▶ _Goal of the exercise_
What you return should be the full listing, copied exactly and stripped of its pictures.

# # # #

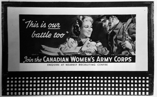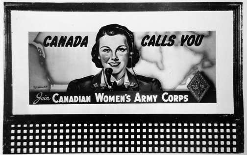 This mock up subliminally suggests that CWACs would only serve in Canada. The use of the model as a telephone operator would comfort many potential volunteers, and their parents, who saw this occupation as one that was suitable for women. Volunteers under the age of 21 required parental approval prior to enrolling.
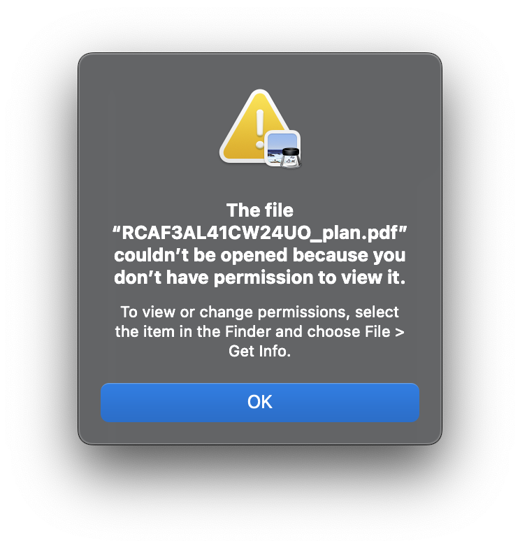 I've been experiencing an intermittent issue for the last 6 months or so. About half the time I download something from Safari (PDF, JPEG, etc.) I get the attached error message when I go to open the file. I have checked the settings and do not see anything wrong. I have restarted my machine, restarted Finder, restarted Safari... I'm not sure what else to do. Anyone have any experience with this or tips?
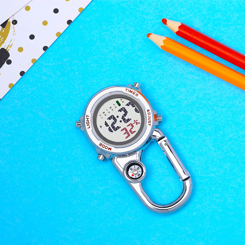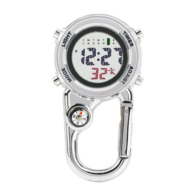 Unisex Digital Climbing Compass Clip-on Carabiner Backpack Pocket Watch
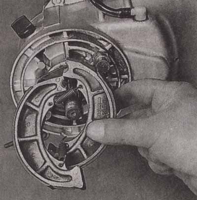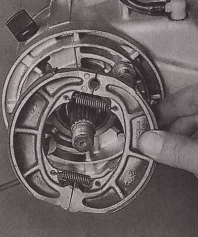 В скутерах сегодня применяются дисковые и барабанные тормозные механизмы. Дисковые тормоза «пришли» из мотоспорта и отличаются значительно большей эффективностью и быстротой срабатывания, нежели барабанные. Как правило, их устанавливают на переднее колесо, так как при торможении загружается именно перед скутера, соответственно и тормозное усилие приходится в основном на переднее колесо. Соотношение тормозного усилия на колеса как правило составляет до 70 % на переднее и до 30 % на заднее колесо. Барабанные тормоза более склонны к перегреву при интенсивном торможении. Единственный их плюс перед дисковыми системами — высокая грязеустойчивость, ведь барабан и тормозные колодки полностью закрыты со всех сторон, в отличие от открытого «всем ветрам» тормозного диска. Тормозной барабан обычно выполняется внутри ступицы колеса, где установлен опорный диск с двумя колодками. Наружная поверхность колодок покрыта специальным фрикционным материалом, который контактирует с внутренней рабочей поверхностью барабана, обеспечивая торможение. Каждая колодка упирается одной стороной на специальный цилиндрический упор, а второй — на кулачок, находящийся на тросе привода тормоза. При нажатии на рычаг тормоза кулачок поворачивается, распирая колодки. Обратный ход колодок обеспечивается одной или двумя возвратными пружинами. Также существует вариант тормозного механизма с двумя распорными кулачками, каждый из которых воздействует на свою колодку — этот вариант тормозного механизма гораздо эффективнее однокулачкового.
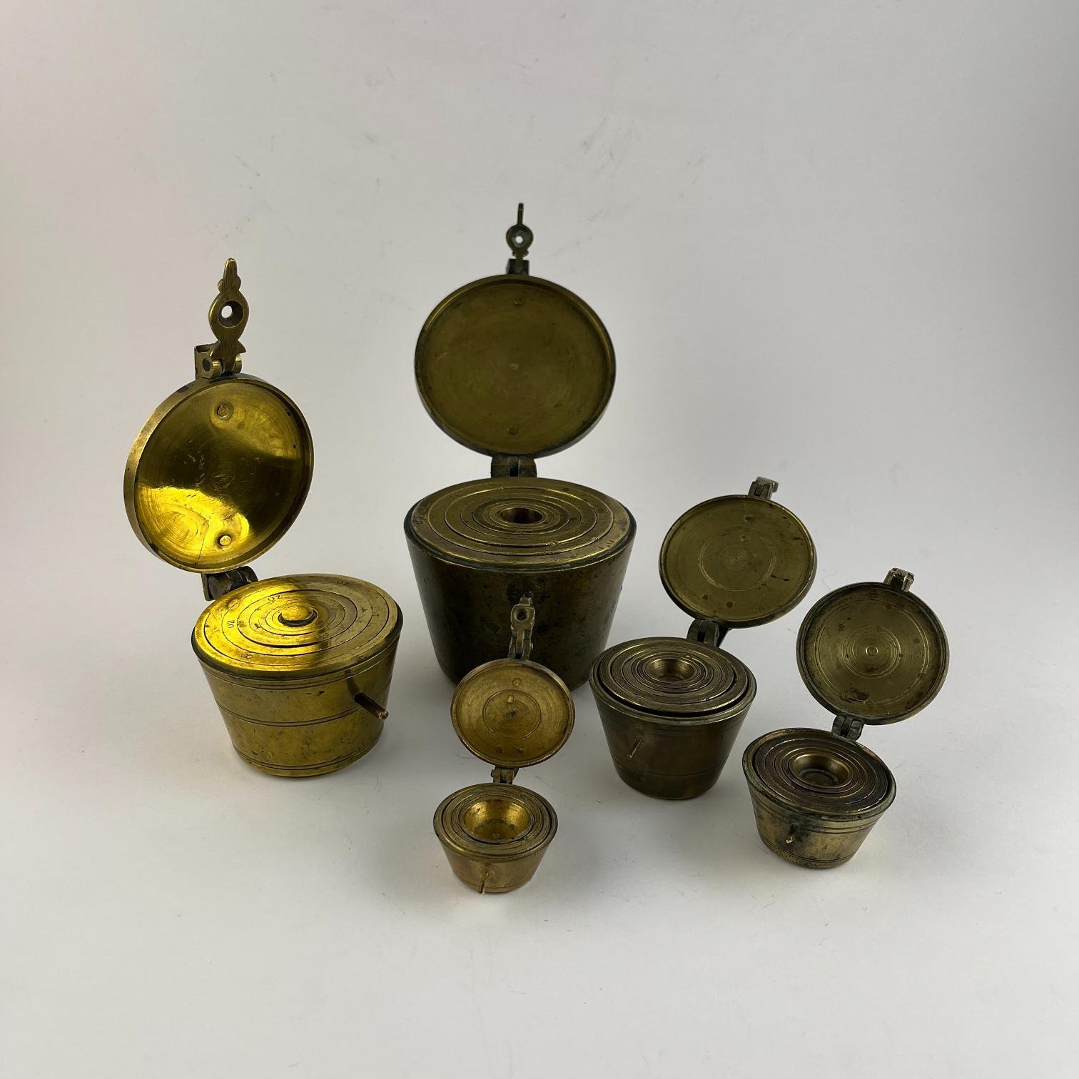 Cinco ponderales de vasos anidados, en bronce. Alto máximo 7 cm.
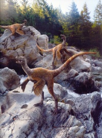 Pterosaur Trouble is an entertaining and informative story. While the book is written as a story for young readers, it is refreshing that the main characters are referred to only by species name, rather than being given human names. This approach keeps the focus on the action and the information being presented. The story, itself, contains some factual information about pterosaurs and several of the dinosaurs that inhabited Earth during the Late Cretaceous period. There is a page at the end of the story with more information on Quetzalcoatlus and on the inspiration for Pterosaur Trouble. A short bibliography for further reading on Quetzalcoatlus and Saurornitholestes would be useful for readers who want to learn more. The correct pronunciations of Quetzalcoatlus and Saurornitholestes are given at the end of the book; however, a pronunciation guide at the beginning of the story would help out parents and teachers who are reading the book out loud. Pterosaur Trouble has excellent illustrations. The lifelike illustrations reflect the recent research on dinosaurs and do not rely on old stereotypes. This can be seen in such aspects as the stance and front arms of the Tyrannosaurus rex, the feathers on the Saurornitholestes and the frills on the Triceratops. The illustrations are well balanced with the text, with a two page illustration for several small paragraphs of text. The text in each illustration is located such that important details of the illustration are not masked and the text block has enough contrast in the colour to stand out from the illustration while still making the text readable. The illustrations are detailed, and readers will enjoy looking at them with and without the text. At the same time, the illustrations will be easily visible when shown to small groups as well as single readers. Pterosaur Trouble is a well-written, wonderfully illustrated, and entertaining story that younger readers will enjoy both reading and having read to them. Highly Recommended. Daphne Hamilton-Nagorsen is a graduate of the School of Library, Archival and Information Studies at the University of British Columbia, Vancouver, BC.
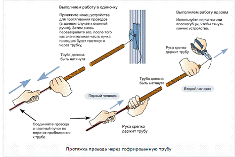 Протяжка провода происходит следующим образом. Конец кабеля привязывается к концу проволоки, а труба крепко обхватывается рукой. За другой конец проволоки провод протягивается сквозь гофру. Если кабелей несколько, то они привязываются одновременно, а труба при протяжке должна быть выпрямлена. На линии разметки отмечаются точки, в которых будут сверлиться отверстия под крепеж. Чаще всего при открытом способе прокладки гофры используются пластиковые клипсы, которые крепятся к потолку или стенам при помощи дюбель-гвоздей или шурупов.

# # # #

▶ _Response_
 This mock up subliminally suggests that CWACs would only serve in Canada. The use of the model as a telephone operator would comfort many potential volunteers, and their parents, who saw this occupation as one that was suitable for women. Volunteers under the age of 21 required parental approval prior to enrolling.
 I've been experiencing an intermittent issue for the last 6 months or so. About half the time I download something from Safari (PDF, JPEG, etc.) I get the attached error message when I go to open the file. I have checked the settings and do not see anything wrong. I have restarted my machine, restarted Finder, restarted Safari... I'm not sure what else to do. Anyone have any experience with this or tips?
 Unisex Digital Climbing Compass Clip-on Carabiner Backpack Pocket Watch
 В скутерах сегодня применяются дисковые и барабанные тормозные механизмы. Дисковые тормоза «пришли» из мотоспорта и отличаются значительно большей эффективностью и быстротой срабатывания, нежели барабанные. Как правило, их устанавливают на переднее колесо, так как при торможении загружается именно перед скутера, соответственно и тормозное усилие приходится в основном на переднее колесо. Соотношение тормозного усилия на колеса как правило составляет до 70 % на переднее и до 30 % на заднее колесо. Барабанные тормоза более склонны к перегреву при интенсивном торможении. Единственный их плюс перед дисковыми системами — высокая грязеустойчивость, ведь барабан и тормозные колодки полностью закрыты со всех сторон, в отличие от открытого «всем ветрам» тормозного диска. Тормозной барабан обычно выполняется внутри ступицы колеса, где установлен опорный диск с двумя колодками. Наружная поверхность колодок покрыта специальным фрикционным материалом, который контактирует с внутренней рабочей поверхностью барабана, обеспечивая торможение. Каждая колодка упирается одной стороной на специальный цилиндрический упор, а второй — на кулачок, находящийся на тросе привода тормоза. При нажатии на рычаг тормоза кулачок поворачивается, распирая колодки. Обратный ход колодок обеспечивается одной или двумя возвратными пружинами. Также существует вариант тормозного механизма с двумя распорными кулачками, каждый из которых воздействует на свою колодку — этот вариант тормозного механизма гораздо эффективнее однокулачкового.
 Cinco ponderales de vasos anidados, en bronce. Alto máximo 7 cm.
 Pterosaur Trouble is an entertaining and informative story. While the book is written as a story for young readers, it is refreshing that the main characters are referred to only by species name, rather than being given human names. This approach keeps the focus on the action and the information being presented. The story, itself, contains some factual information about pterosaurs and several of the dinosaurs that inhabited Earth during the Late Cretaceous period. There is a page at the end of the story with more information on Quetzalcoatlus and on the inspiration for Pterosaur Trouble. A short bibliography for further reading on Quetzalcoatlus and Saurornitholestes would be useful for readers who want to learn more. The correct pronunciations of Quetzalcoatlus and Saurornitholestes are given at the end of the book; however, a pronunciation guide at the beginning of the story would help out parents and teachers who are reading the book out loud. Pterosaur Trouble has excellent illustrations. The lifelike illustrations reflect the recent research on dinosaurs and do not rely on old stereotypes. This can be seen in such aspects as the stance and front arms of the Tyrannosaurus rex, the feathers on the Saurornitholestes and the frills on the Triceratops. The illustrations are well balanced with the text, with a two page illustration for several small paragraphs of text. The text in each illustration is located such that important details of the illustration are not masked and the text block has enough contrast in the colour to stand out from the illustration while still making the text readable. The illustrations are detailed, and readers will enjoy looking at them with and without the text. At the same time, the illustrations will be easily visible when shown to small groups as well as single readers. Pterosaur Trouble is a well-written, wonderfully illustrated, and entertaining story that younger readers will enjoy both reading and having read to them. Highly Recommended. Daphne Hamilton-Nagorsen is a graduate of the School of Library, Archival and Information Studies at the University of British Columbia, Vancouver, BC.
 Протяжка провода происходит следующим образом. Конец кабеля привязывается к концу проволоки, а труба крепко обхватывается рукой. За другой конец проволоки провод протягивается сквозь гофру. Если кабелей несколько, то они привязываются одновременно, а труба при протяжке должна быть выпрямлена. На линии разметки отмечаются точки, в которых будут сверлиться отверстия под крепеж. Чаще всего при открытом способе прокладки гофры используются пластиковые клипсы, которые крепятся к потолку или стенам при помощи дюбель-гвоздей или шурупов.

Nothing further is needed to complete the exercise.